Carina Meyer shares why she values courage

First National Financial LP Mar 16, 2023   mins

Carina Meyer, IT Business Analyst, Toronto, shares what it was like growing up in South Africa, why she values courage and what #EmbraceEquity means to her.

In honour of International Women’s Day, we are profiling several inspiring women on our team. These women lead by how they live in the world, how they share their wisdom through their actions and integrity and how they show up every day. Carina Meyer, IT Business Analyst, Toronto, shares what it was like growing up in South Africa, why she values courage and what #EmbraceEquity means to her. 

Q: Tell us your story in your own words.

CM: I grew up in South Africa with a lot of strong, independent women surrounding me. My father’s mother was widowed at a young age with three young kids. She went against the conventions of Afrokaans culture during that time period and kept her farm and kept my dad with her. My mother’s mother was known as the wild grandma. She was a rebel. When she was a teenager, she would go to the derby in town and race the farmers’ horses even though her dad forbade it. My mother had similar strength. She didn’t wait for people to do what she wanted. The way these three women lived their lives had a huge impact on me. 

Growing up in South Africa, life in a Christian, Afrokaans community was very conservative. There was an expected path – school, maybe higher education, marriage and kids. After high school, I went to work at an aviation company. That’s where I broadened my horizons and started to think for myself. But I did end up following the prescription and chose an “acceptable” life of marriage and two kids. In time, I realized it was important to be happy within yourself, face your fears and live your life. I ended my marriage and fell in love with an amazing person. We got married 11 years ago and have a wonderful son together. When the opportunity came up to move to Canada, it was an easy decision for me. I wanted to show my kids that there is so much more to life than the prescription. If I could pick up my life and move to Canada at 50 years old, there isn’t anything that is out of their reach. When we arrived, we were very clear that we wanted to become active participants in our community and contribute meaningfully to the economy.

Q: Why does the word courage resonate with you to exemplify how you live in the world?

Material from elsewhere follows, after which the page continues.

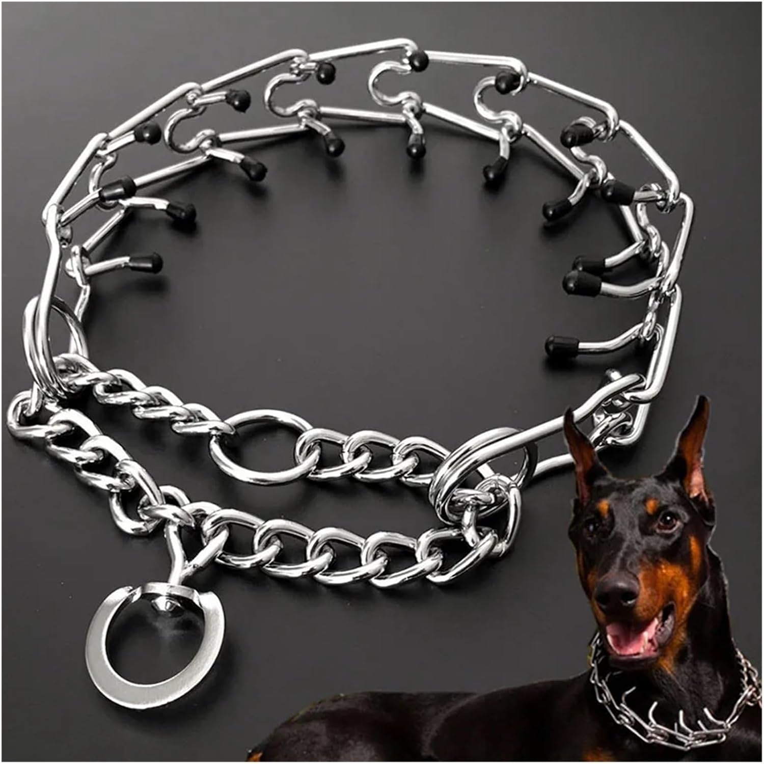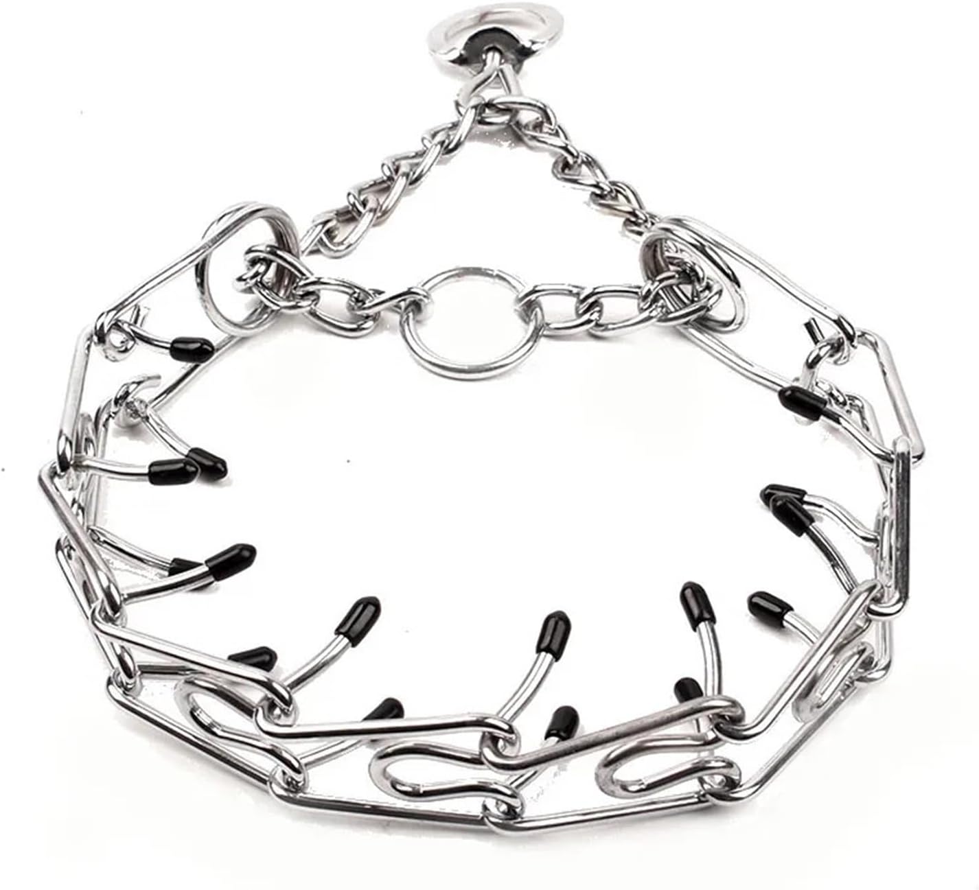 This training collar integrates soft rubber tips over its contact surfaces to ease pressure during leash guidance. Its adjustable links enable a tailored fit, while the stainless steel build offers reliable performance. The detachable structure simplifies putting on and taking off the collar. Suitable for leash-based direction and behavior reinforcement during walks, the collar focuses on functional use in daily training scenarios. Designed to be straightforward in application, it serves as a tool for directing movements and encouraging responsive habits.

CM: There are so many women in similar situations to mine. They are stuck in circumstances that don’t resonate with their truth. They are living by someone else’s rules. Breaking free of the image of how you are supposed to live takes courage. It is brave to step up for yourself as an individual, live the life you’re passionate about, reach goals that you define and realize your own dreams. Fear drives so many of our decisions. It takes an immense amount of courage to overcome those fears and step into the unknown confidently. 

Q: From your life experiences, what wisdom do you want to share with other women?

CM: You are enough. It’s the biggest fear that holds women back. Make your life decisions from your heart to reflect your true self. When I started to do that, a whole new world opened up for me. My whole career changed. Strive in your career and do everything to the best of your ability. The outcomes will always follow. You will be a success. When you can conquer your fears and know that you are enough exactly as you are, the world will open up to you in ways you never imagined. 

Q: As a woman, what is it like to work at First National and what inspires you?
CM:
 I worked for a big corporate company in South Africa. It wasn’t a fit for my personality. When I found the role at First National, I went on the web site to learn more. One little phrase caught my attention – how we show up for each other every day. My interview with Mika Hasanen was so comfortable and disarming. When I came in my first day, the diversity of the team stood out for me. Right away, I felt the respect that anchors the culture. Everybody is standing there with their hands out offering to help. We are all there for each other to make sure that nobody gets left behind. Everyone has a purpose on the team, and everyone is valued. For me, empathy is the most important measure of true leadership. I walked into a new company, in a new country, in a new culture and was accepted without question and cared for immediately because I was there and part of the team. 

Q: #EmbraceEquity is the theme for International Women’s Day 2023. What does that mean to you?

CM: Equity acknowledges diversity and inclusion for everyone and must be part of every society’s DNA. But it starts with each person in their own life. It is up to each of us to be conscious and intentional about embracing equity in our personal lives, communities and places of work. Earlier I mentioned how much First National’s focus on “the way we show up for each other” resonated with me. And equity is so much a part of that. As we all continue to embrace equity consciously in our personal lives, our workplace, culture and team will benefit and flourish.